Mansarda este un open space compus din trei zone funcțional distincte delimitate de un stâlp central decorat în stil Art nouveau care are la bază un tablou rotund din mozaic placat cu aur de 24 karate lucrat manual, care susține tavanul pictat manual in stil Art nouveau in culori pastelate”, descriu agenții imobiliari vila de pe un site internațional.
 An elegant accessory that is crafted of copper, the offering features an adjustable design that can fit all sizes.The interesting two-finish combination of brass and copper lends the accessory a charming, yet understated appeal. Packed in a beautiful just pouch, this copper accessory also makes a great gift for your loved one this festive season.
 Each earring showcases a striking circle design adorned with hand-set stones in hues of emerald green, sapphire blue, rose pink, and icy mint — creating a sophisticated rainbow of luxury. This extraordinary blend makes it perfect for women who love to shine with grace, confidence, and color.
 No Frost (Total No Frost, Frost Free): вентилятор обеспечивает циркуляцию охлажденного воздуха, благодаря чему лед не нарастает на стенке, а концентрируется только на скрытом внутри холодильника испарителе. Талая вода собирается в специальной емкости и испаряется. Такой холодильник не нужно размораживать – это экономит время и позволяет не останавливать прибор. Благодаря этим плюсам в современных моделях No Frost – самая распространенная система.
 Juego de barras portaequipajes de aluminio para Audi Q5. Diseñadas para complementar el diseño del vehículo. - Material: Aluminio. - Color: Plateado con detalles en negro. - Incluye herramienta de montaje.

* * *

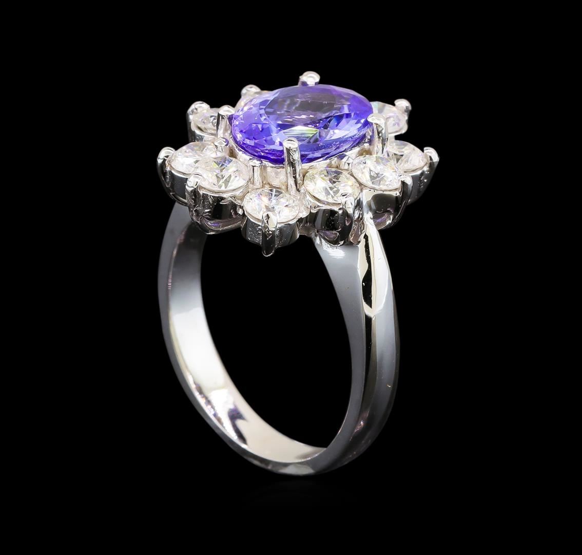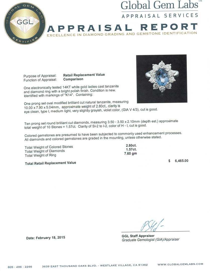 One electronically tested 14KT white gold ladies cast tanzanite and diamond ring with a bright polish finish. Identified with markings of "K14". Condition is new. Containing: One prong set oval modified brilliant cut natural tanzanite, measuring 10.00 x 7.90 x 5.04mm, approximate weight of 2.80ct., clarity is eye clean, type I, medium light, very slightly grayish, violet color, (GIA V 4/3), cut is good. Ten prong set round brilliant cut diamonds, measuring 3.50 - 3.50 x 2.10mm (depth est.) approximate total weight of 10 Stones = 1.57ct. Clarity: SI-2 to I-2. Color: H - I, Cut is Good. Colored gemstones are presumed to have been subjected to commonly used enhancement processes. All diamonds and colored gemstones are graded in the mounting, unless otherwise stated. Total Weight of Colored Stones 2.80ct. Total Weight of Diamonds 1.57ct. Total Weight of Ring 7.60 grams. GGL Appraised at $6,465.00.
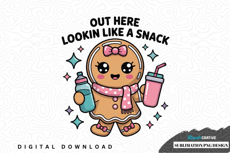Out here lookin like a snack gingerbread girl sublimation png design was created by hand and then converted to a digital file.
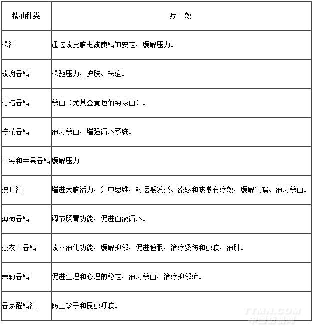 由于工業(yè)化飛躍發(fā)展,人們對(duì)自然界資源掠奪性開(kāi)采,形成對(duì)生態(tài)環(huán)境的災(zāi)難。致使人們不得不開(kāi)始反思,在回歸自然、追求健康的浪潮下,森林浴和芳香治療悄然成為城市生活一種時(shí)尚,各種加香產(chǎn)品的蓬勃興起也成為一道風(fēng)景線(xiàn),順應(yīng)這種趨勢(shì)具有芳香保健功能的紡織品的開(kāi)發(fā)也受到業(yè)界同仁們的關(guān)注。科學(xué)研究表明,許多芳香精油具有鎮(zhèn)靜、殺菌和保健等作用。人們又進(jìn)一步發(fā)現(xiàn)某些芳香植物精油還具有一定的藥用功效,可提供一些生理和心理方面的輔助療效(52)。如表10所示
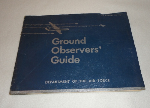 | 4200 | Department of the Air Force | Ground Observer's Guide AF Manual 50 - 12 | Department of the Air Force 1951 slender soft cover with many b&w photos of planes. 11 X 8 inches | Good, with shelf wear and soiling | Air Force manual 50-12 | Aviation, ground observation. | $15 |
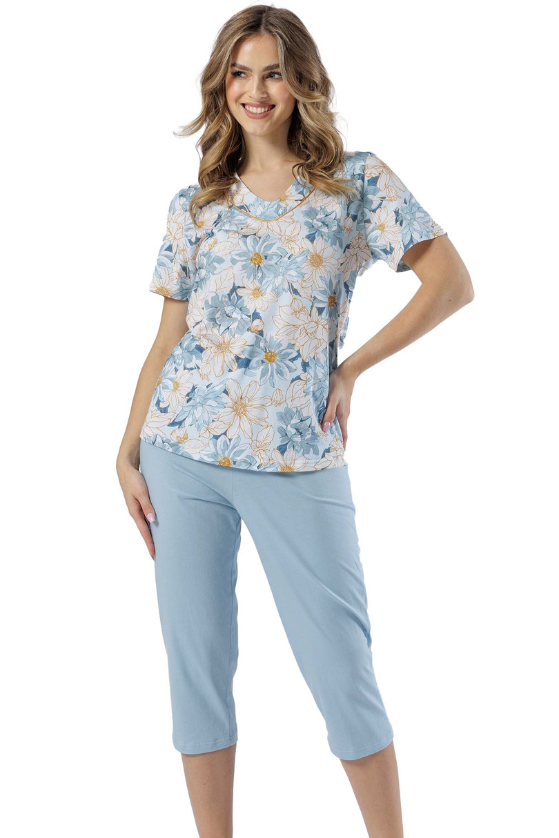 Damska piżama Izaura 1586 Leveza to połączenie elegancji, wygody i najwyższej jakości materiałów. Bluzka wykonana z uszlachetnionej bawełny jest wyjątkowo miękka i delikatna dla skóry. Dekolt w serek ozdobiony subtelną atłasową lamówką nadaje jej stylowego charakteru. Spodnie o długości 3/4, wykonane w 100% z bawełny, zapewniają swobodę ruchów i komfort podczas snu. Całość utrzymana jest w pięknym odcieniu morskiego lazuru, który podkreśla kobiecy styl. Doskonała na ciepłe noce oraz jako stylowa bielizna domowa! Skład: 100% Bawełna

### WHAT YOU ARE ASKED TO DO
Your answer should be the lines above from the one containing "An elegant accessory" through the one containing "Each earring showcases", copied exactly and with both ends kept.

### EXERCISE ANSWER
 An elegant accessory that is crafted of copper, the offering features an adjustable design that can fit all sizes.The interesting two-finish combination of brass and copper lends the accessory a charming, yet understated appeal. Packed in a beautiful just pouch, this copper accessory also makes a great gift for your loved one this festive season.
 Each earring showcases a striking circle design adorned with hand-set stones in hues of emerald green, sapphire blue, rose pink, and icy mint — creating a sophisticated rainbow of luxury. This extraordinary blend makes it perfect for women who love to shine with grace, confidence, and color.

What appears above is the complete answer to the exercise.